• Goal of the exercise: Return every entry below exactly as written, minus the pictures.

(Data entries)
= = = = = = =

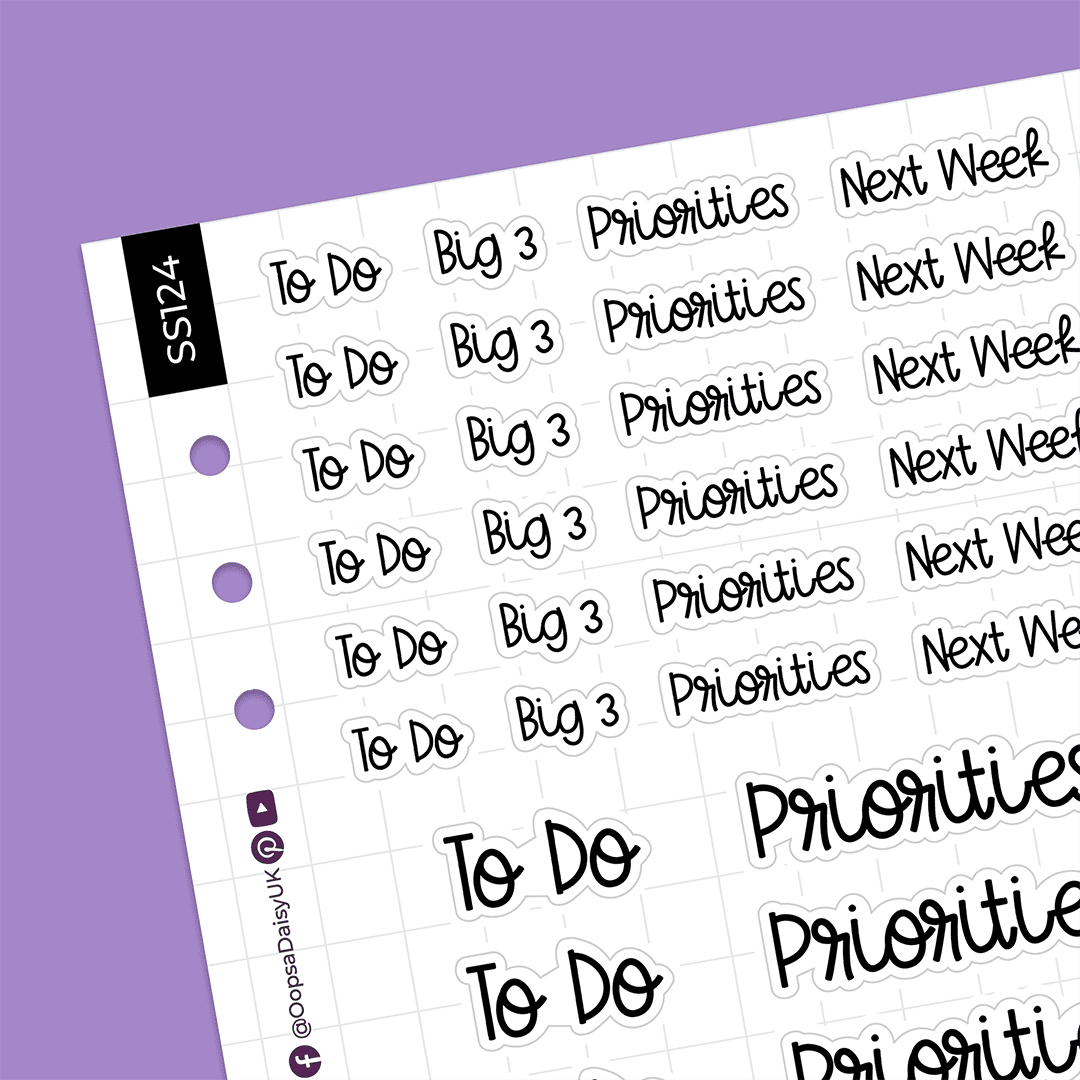 Each sheet contains 9 sets of headers in two different sizes, featuring the headers ‘To Do’, ‘Big 3’, ‘Priorities’ and ‘Next Week’.
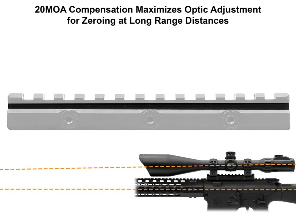 Díky sklonu 20 MOA můžete lépe využít rozsah výškové korekce svého puškohledu. To je klíčová výhoda při střelbě na dlouhé vzdálenosti, kde se každá úhlová minuta počítá. Montáž tak přirozeně „předklání“ optiku, čímž posouvá nulový bod dál a zvyšuje váš efektivní dostřel bez nutnosti složitých úprav.
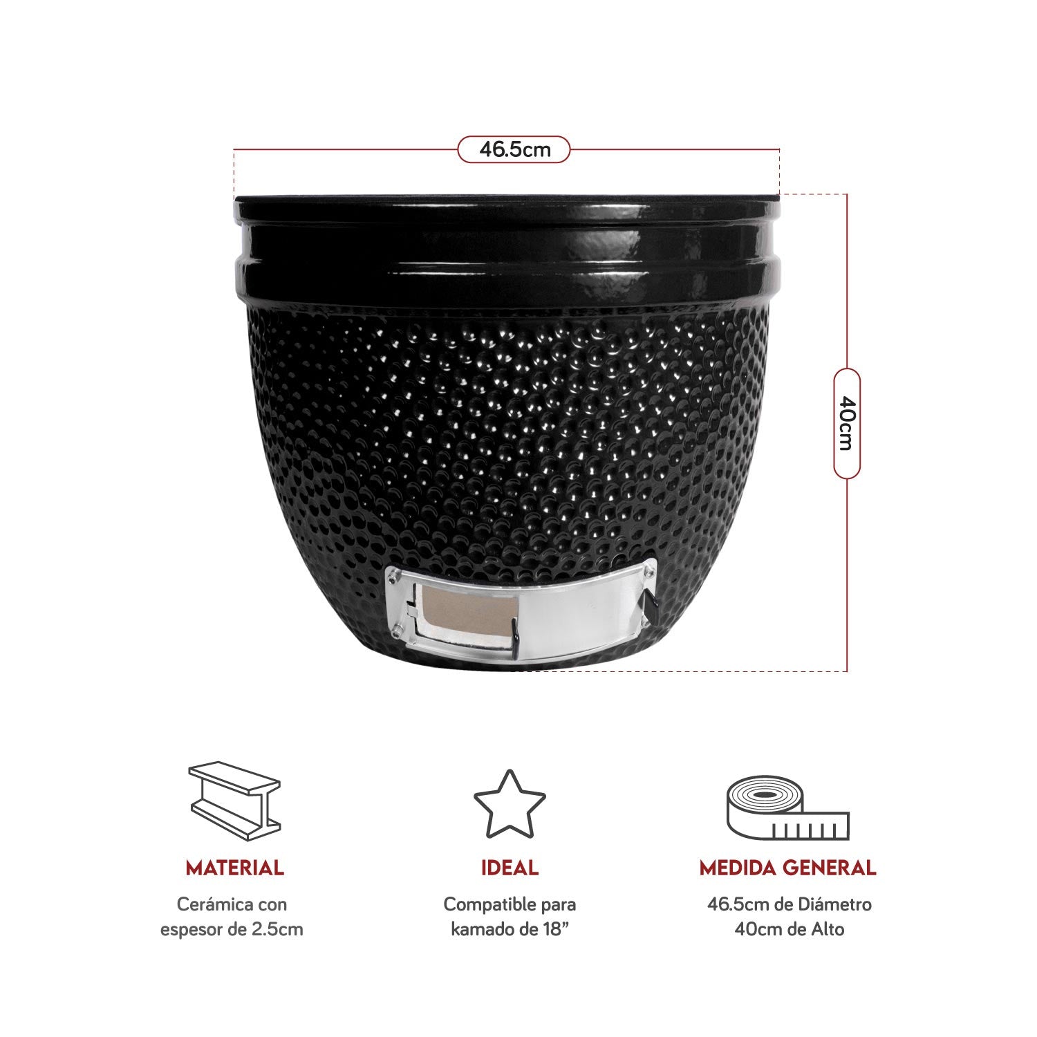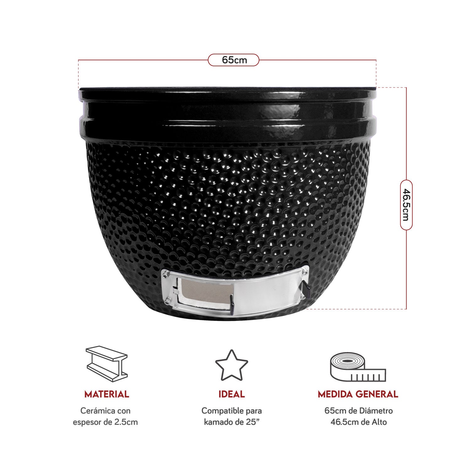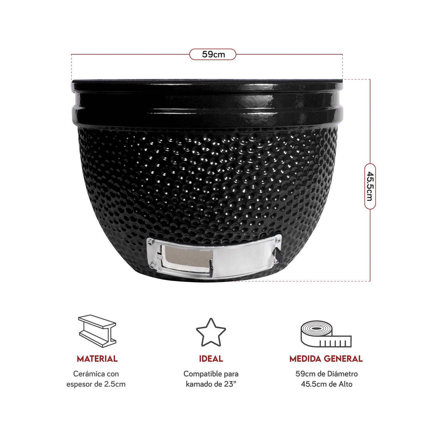 Revitaliza tu parrilla con esta base para kamado. Fabricada con cerámica de alta resistencia, esta pieza esencial es el cuerpo de tu parrilla, diseñada para mantener el calor de manera eficiente y ofrecerte un rendimiento superior en cada uso.
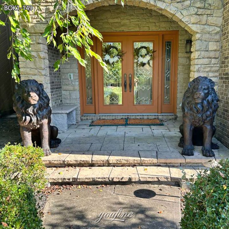 >>This pair of bronze front yard lion statues attract countless eyes with their huge size. They sit side by side on the grass, and their majestic bodies and majestic postures show endless power and dignity.
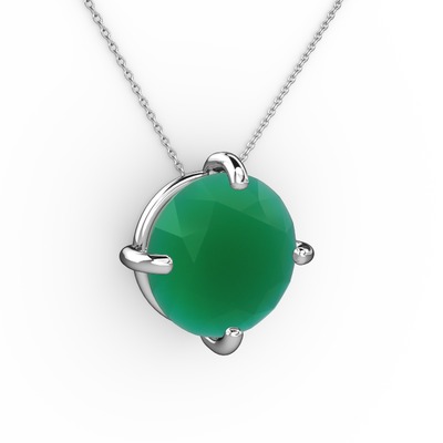 Kök zümrüt 18 ayar beyaz altın kolye (40 cm gümüş rolo zincir)
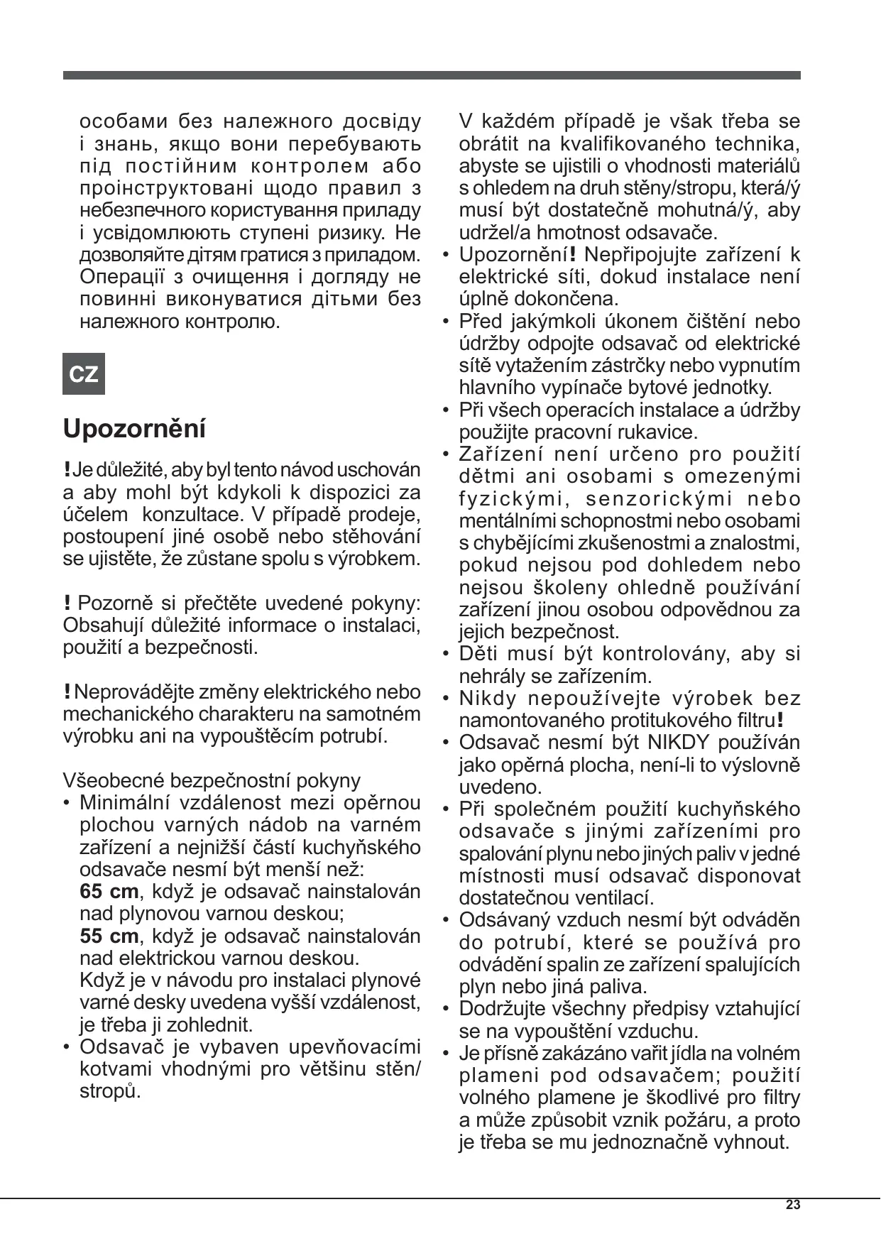 - Дозволяється користування цим приладом дітьми віком від 8 років, а також особами з обмеженими фізичними, сенсорними або розумовими можливостями або особами без належного досвіду і знань, якщо вони перебувають під постійним к онтролем або проінструктовані щодо правил з небезпечного користування приладу і усвідомлюють ступені ризику. Не дозволяйте дітям гратися з приладом. Операції з очищення і догляду не повинні виконуватися дітьми без належного контролю. Upozornění ! Je důležité, aby byl tento návod uschován a aby mohl být kdykoli k dispozici za účelem konzultace. V případě prodeje, postoupení jiné osobě nebo stěhování se ujistěte, že zůstane spolu s výrobkem. ! Pozorně si přečtěte uvedené pokyny: Obsahují důležité informace o instalaci, použití a bezpečnosti. ! Neprovádějte změny elektrického nebo mechanického charakteru na samotném výrobku ani na vypouštěcím potrubí. Všeobecné bezpečnostní pokyny

= = = = = = =

• Reply to the exercise:
 Each sheet contains 9 sets of headers in two different sizes, featuring the headers ‘To Do’, ‘Big 3’, ‘Priorities’ and ‘Next Week’.
 Díky sklonu 20 MOA můžete lépe využít rozsah výškové korekce svého puškohledu. To je klíčová výhoda při střelbě na dlouhé vzdálenosti, kde se každá úhlová minuta počítá. Montáž tak přirozeně „předklání“ optiku, čímž posouvá nulový bod dál a zvyšuje váš efektivní dostřel bez nutnosti složitých úprav.
 Revitaliza tu parrilla con esta base para kamado. Fabricada con cerámica de alta resistencia, esta pieza esencial es el cuerpo de tu parrilla, diseñada para mantener el calor de manera eficiente y ofrecerte un rendimiento superior en cada uso.
 >>This pair of bronze front yard lion statues attract countless eyes with their huge size. They sit side by side on the grass, and their majestic bodies and majestic postures show endless power and dignity.
 Kök zümrüt 18 ayar beyaz altın kolye (40 cm gümüş rolo zincir)
 - Дозволяється користування цим приладом дітьми віком від 8 років, а також особами з обмеженими фізичними, сенсорними або розумовими можливостями або особами без належного досвіду і знань, якщо вони перебувають під постійним к онтролем або проінструктовані щодо правил з небезпечного користування приладу і усвідомлюють ступені ризику. Не дозволяйте дітям гратися з приладом. Операції з очищення і догляду не повинні виконуватися дітьми без належного контролю. Upozornění ! Je důležité, aby byl tento návod uschován a aby mohl být kdykoli k dispozici za účelem konzultace. V případě prodeje, postoupení jiné osobě nebo stěhování se ujistěte, že zůstane spolu s výrobkem. ! Pozorně si přečtěte uvedené pokyny: Obsahují důležité informace o instalaci, použití a bezpečnosti. ! Neprovádějte změny elektrického nebo mechanického charakteru na samotném výrobku ani na vypouštěcím potrubí. Všeobecné bezpečnostní pokyny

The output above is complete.